The CCG admit that their budget from this government is being cut and cut again.
‘We cannot continue with our support and services as they are currently organised. There are unacceptable differences in life expectancy across Dorset and variation in quality, accessibility and experiences of people using services.
Alongside this, demand for services is going up. At the same time our collective resources, at best, stay the same and at worse, go down. This means we have a predicted gap in our finances if we don’t take action now.
Doing more of the same is not an option. It is not sustainable and won’t improve people’s outcomes or the quality of our services now or for the future.’
Yet they are having to assure Dorset people that as a result of these cuts and the changes they are being forced to make that no one will die or suffer as a consequence. They have to make these pronouncements and have access to a big legal pot to keep the public concerns and challenges at bay. BUT who will be held responsible when this happens?
Here 111 neither brought ‘care closer to home’ nor directed him ‘straight to urgent care’.

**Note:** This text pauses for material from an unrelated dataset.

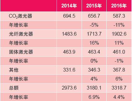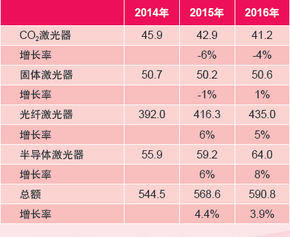 表1:工業(ye) 激光器市場的銷售收入(貨幣單位:百萬(wan) 美元)
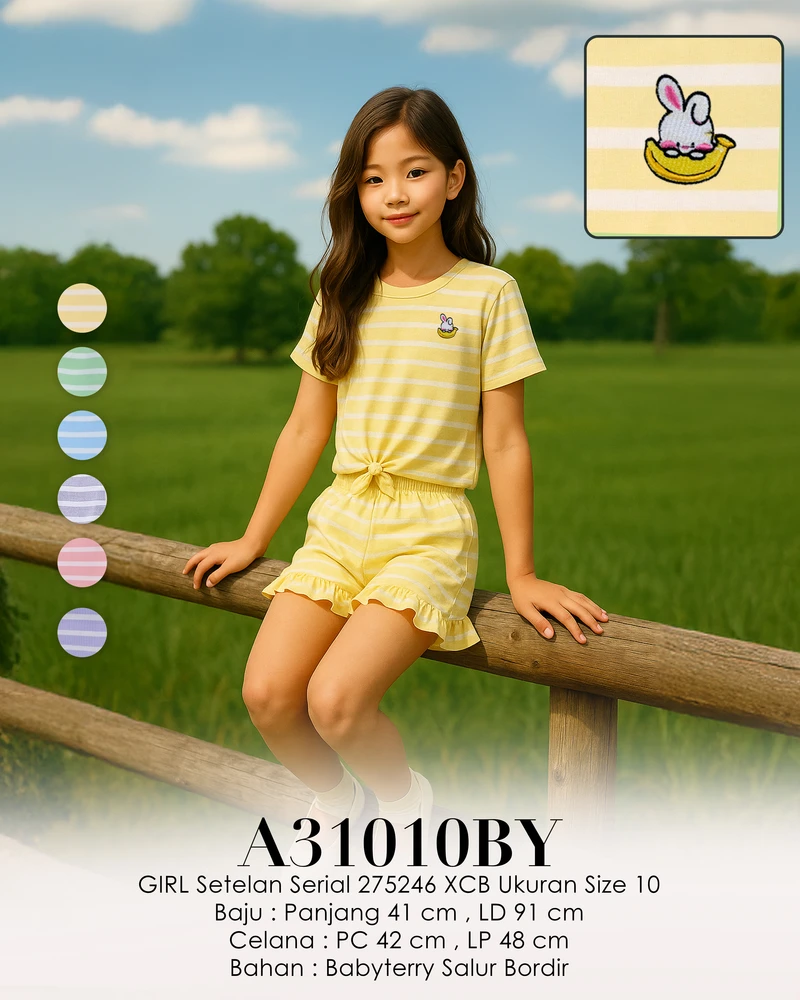 Material produk terbuat dari Babyterry salur bordir. Disarankan pencucian dengan perlakuan lembut. Tidak disarankan mencuci dengan air panas.

“Rang 111 last Saturday. They promised to send a clinician within 30 mins, if no-one attended they would dispatch an ambulance for a suspected back fracture. 60 mins later nothing had happened. Rang 111 who said that it was no longer with them as it had been passed to South West Ambulance and that we would have to dial 999. Rang them and they didn’t have any available help so asked if I should take the risk and drive the friend to Poole Hospital. They said they would “Stand Down ” and I drove my friend in. It turns out that she had a fracture. No ambulances in the Poole area on a Saturday afternoon. Certainly no “Choice of settings” would have helped us. Just get real and don’t bu**s*it.”